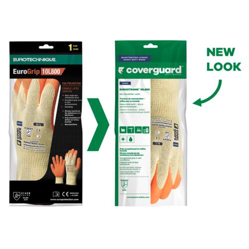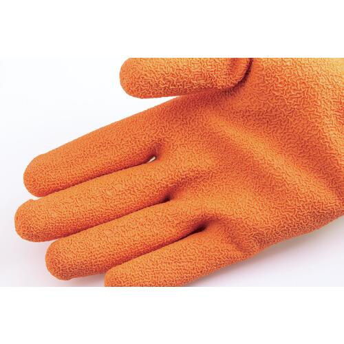 Mănuși de protecție antiderapante, confecționate din tricot de 10 din poliester galben, imersate în latex portocaliu pe palmă și degete pentru aderență excelentă, chiar și în medii umede sau uscate. Oferă protecție maximă la rupere, au spate ventilat pentru respirabilitate și manșetă elastică pentru o fixare sigură și confortabilă.
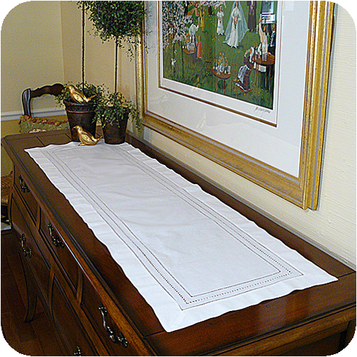 Our most popular tablerunner! Now available in 4 lengths to suit all of your embroidery needs! It is made of 100% Linen and has a combination gilucci and hemstitched detailed border. It's very simple, yet elegant!
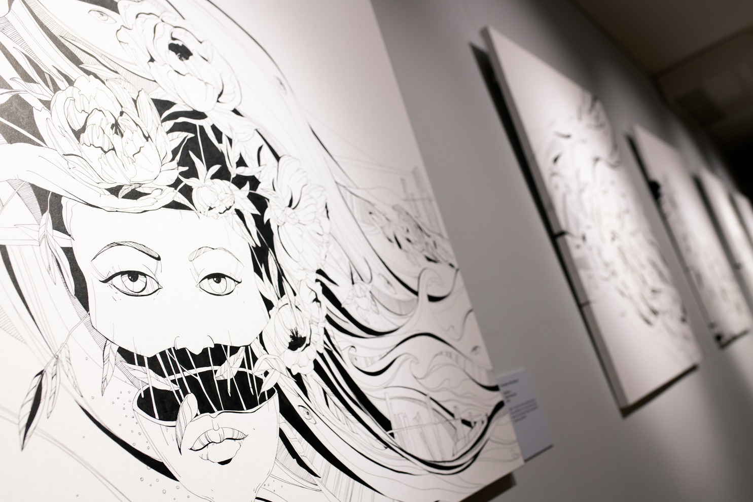 Катерина Томилова — художник, иллюстратор, график, преподаватель, член Союза художников России. Катерина пробует себя в разных экспериментальных техниках, но специально к выставке «Дыхание сна» она создала исключительно графические работы.i
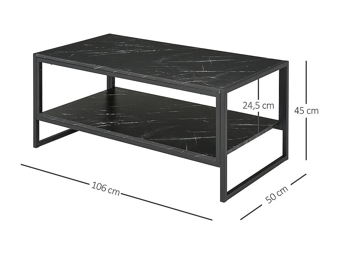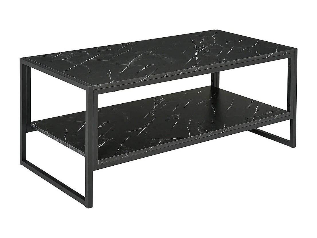 OTELLO - Table Basse Rectangulaire Noir Mat Plateau Aspect Bois Antik

┄┄┄┄┄┄

THE TASK: Take the line containing "Our most popular" and every line after it up to the end of the data, and write them out exactly, without the pictures.

YOUR RESPONSE:
 Our most popular tablerunner! Now available in 4 lengths to suit all of your embroidery needs! It is made of 100% Linen and has a combination gilucci and hemstitched detailed border. It's very simple, yet elegant!
 Катерина Томилова — художник, иллюстратор, график, преподаватель, член Союза художников России. Катерина пробует себя в разных экспериментальных техниках, но специально к выставке «Дыхание сна» она создала исключительно графические работы.i
 OTELLO - Table Basse Rectangulaire Noir Mat Plateau Aspect Bois Antik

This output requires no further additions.